_ASSIGNMENT:_ Starting from the line with "Tindivanam village has", please copy exactly every line to the end of the listing, but not the pictures.

_DATA PROVIDED:_
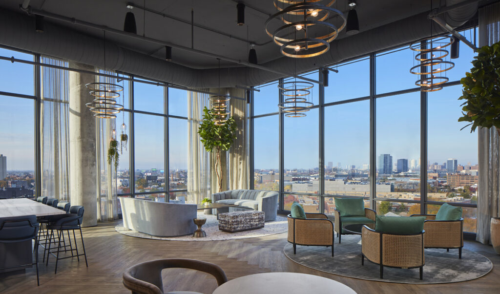 For the penthouse-level party room, MWA continued the idea of “urban oasis” with conservatory-inspired elements such as cane back chairs, globe light pendants, light-toned wood flooring, and ample foliage including potted trees, hanging planters and wall-mounted ledges filled with a variety of plants. “With the double-height expanses of windows and wonderful light in this space, we saw an opportunity to make it a true escape, contrasting the views of the city with all of these warm, natural elements and greenery,” said Tyler. “It’s also another example of a multi-purpose amenity space, whether residents use it for an evening gathering of friends around the huge kitchen island, a quiet area with a great background to take a Zoom call, or simply a beautiful room to relax in with a good book while they enjoy sweeping views of the city – all the way to Lake Michigan.”
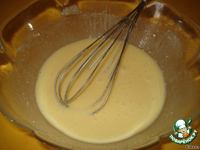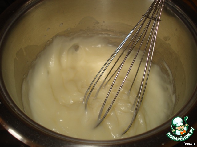 Начнем с крема, чтоб он успел остыть. Отделить белок от желтка и положить его в холодильник. Взбить 3 ст. ложки молока с сахаром (25 г - 1 ст.ложка), желтком и крахмалом.
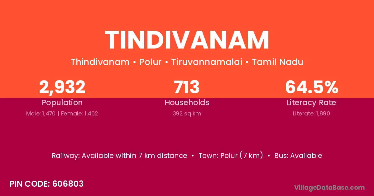 Tindivanam village has a total population of 2,932 people, of which 1,470 are males and 1,462 are females.
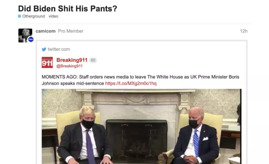 這下就成了全網的樂子,全世界的網友都成了福爾摩斯,開始捕捉當時拜登、約翰遜、白宮工作人員、記者們的動作和表情,逐幀分析,到底發生了什麼事?為什麼忽然趕記者?拉了沒?是誰拉了?

_YOUR SOLUTION:_
 Tindivanam village has a total population of 2,932 people, of which 1,470 are males and 1,462 are females.
 這下就成了全網的樂子,全世界的網友都成了福爾摩斯,開始捕捉當時拜登、約翰遜、白宮工作人員、記者們的動作和表情,逐幀分析,到底發生了什麼事?為什麼忽然趕記者?拉了沒?是誰拉了?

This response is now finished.